ELSS funds are Exempt-Exempt-Exempt (EEE) financial products. This means that your capital investment is eligible for tax deductions under section 80C. Furthermore, the dividend income and maturity earnings are also tax-free. The interest on NSCs and FDs is taxable as per your slab. Furthermore, if the premiums on the ULIPs exceed 10% of the sum assured, maturity proceeds are taxable.
You may choose a systematic investment plan (SIP) to invest in ELSS funds. This enables you to invest a smaller amount at periodic intervals and ensures you have no liquidity crisis. Furthermore, it instills financial discipline and eliminates the need to invest a huge lump sum in reducing your tax liability at the end of the year. Periodic investments are also beneficial in rupee cost averaging. This means you can buy more when the prices are lower and vice versa.
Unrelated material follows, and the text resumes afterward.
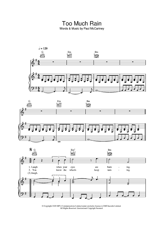 Digital Sheet Music for Too Much Rain by Paul McCartney scored for Piano/Vocal/Chords; id:386351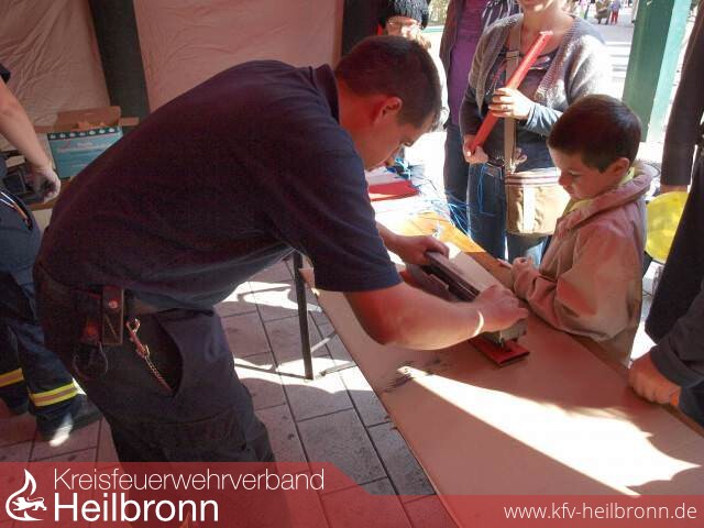 Viel zu erleben hatten die Kinder an den Stationen der Feuerwehr Heilbronn. Neben einer Fahrzeugausstellung mit fachkundiger Beratung, konnten die Kinder an einem Glücksrad Fahrten mit der Feuerwehrdrehleiter gewinnen.

Tax benefits on ELSS funds
Up to INR 1.5 lakh per annum is eligible for tax rebate under section 80C of the IT Act when you invest in ELSS funds. These funds are equity-oriented schemes, with over 65% of the corpus invested in equities and related products. Therefore, the dividend earned on ELSS is considered as long-term capital gains, which are tax-free. If you are not investing in such funds, start today.
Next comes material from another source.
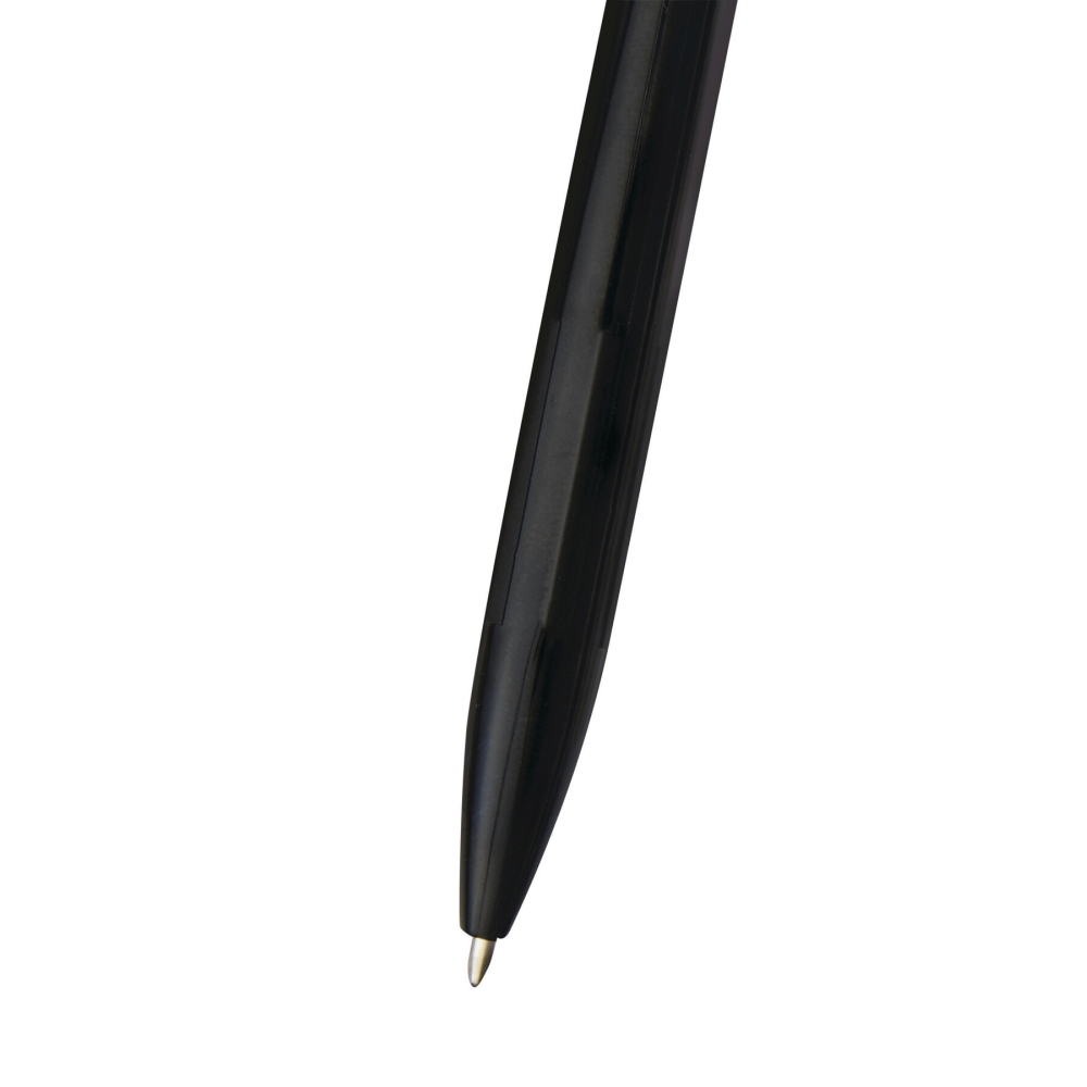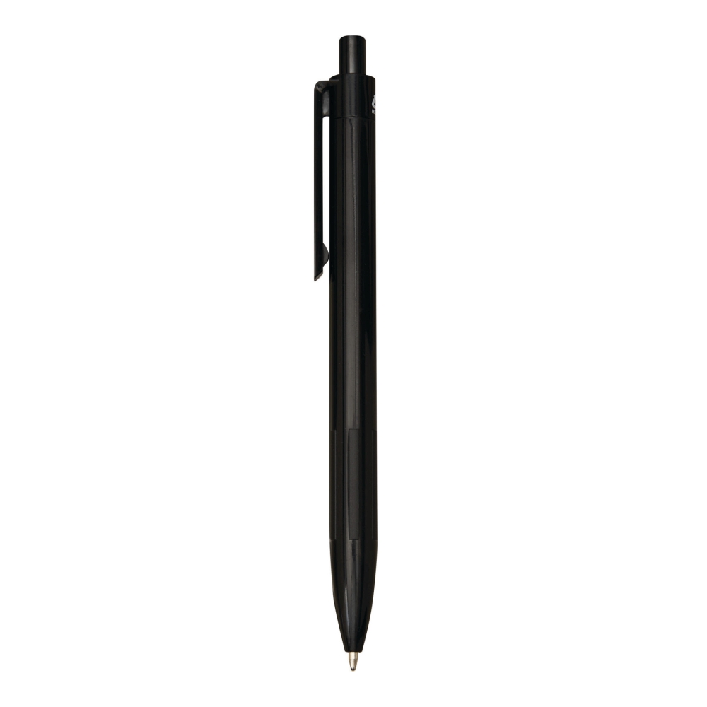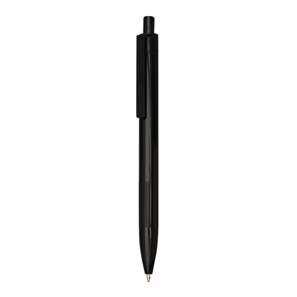 Propiska z recyklovaného plastu, žebrovaná úchopová zóna, klikací mechanismus, modrý inkoust. Rozměry: 13,7 cm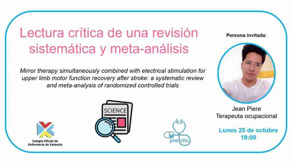 Este próximo 25 de octubre de 2021 a las 19:00 horas (UTC+1) nos enfrentaremos a una revisión sistemática (de autores españoles). Como invitado en #LaCritiquerie tendremos a Jean Piere que vuelve a visitarnos con una nueva propuesta relacionada con la rehabilitación del ICTUS. Se trata de una revisión sistemática sobre la terapia espejo y la estimulación eléctrica usadas en combinación o de forma aislada.

When you invest through a SIP, it is important to remember that every installment is considered a fresh investment. Therefore, to understand the tax benefits on your SIPs, you need to consider the three-year lock-in for each installment.
Understanding demat accounts
In 1996, dematerialization was made mandatory in India. Under this regulation, all physical securities were converted to an electronic form and credited to a dematerialization account, known as demat. These accounts eliminate damages, reduce delivery risks, make it easier to hold all your investments at a single location, make trading in odd lots possible, and offer several other benefits.
A demat account is similar to a regular savings bank account. It is used to hold all your investments in equities, bonds, certificates, mutual funds, exchange-traded funds (ETFs), and others electronically. If you want to trade in the stock market, having this account is mandatory.
The procedure foris simple and quick. You must fill out an application form and attach your photograph and permanent account number (PAN) card copy. In-person verification is completed before the application is processed. After the application is processed, you will receive the account number and client ID. These are needed to access your account online. There is no minimum holding requirement when you open a demat account online.